TASK DESCRIPTION:
The data below holds the lines to copy: everything from the line containing "Porta placca in" to the line containing "- Built-In Electric", both ends included, set down exactly.

DATA TO EXAMINE:

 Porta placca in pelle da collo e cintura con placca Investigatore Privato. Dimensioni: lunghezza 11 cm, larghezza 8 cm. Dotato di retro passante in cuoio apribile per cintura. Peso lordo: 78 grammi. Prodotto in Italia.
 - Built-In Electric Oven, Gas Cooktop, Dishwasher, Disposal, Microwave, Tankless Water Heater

--

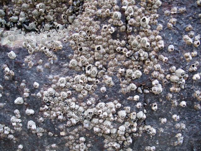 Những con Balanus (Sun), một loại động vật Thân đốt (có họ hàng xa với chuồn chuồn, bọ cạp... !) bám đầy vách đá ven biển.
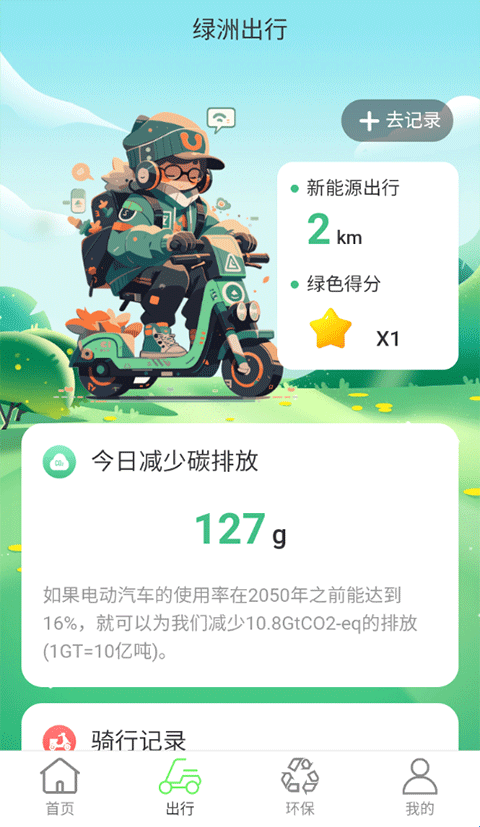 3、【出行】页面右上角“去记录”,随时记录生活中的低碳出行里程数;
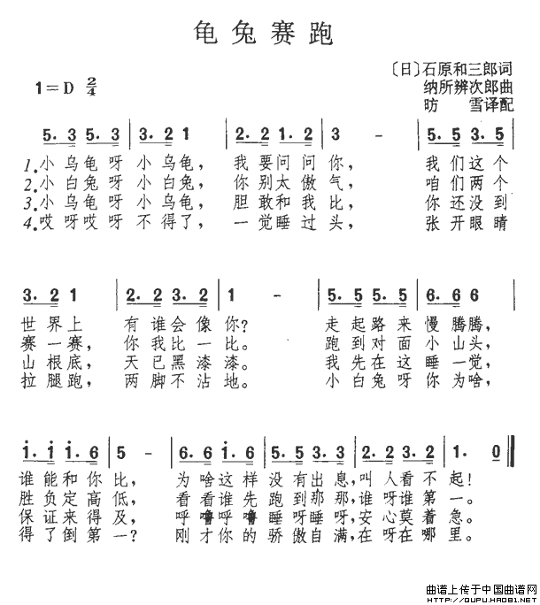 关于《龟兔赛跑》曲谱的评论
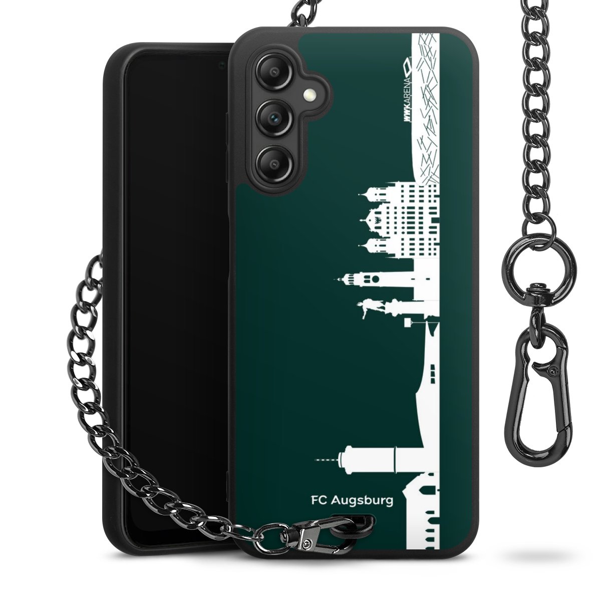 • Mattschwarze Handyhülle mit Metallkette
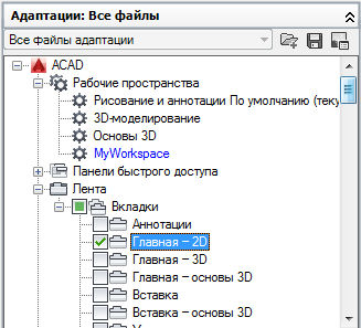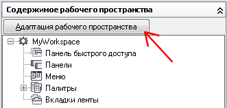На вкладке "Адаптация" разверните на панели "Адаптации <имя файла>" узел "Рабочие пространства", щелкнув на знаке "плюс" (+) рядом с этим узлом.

SOLUTION TO THE EXERCISE:
 Porta placca in pelle da collo e cintura con placca Investigatore Privato. Dimensioni: lunghezza 11 cm, larghezza 8 cm. Dotato di retro passante in cuoio apribile per cintura. Peso lordo: 78 grammi. Prodotto in Italia.
 - Built-In Electric Oven, Gas Cooktop, Dishwasher, Disposal, Microwave, Tankless Water Heater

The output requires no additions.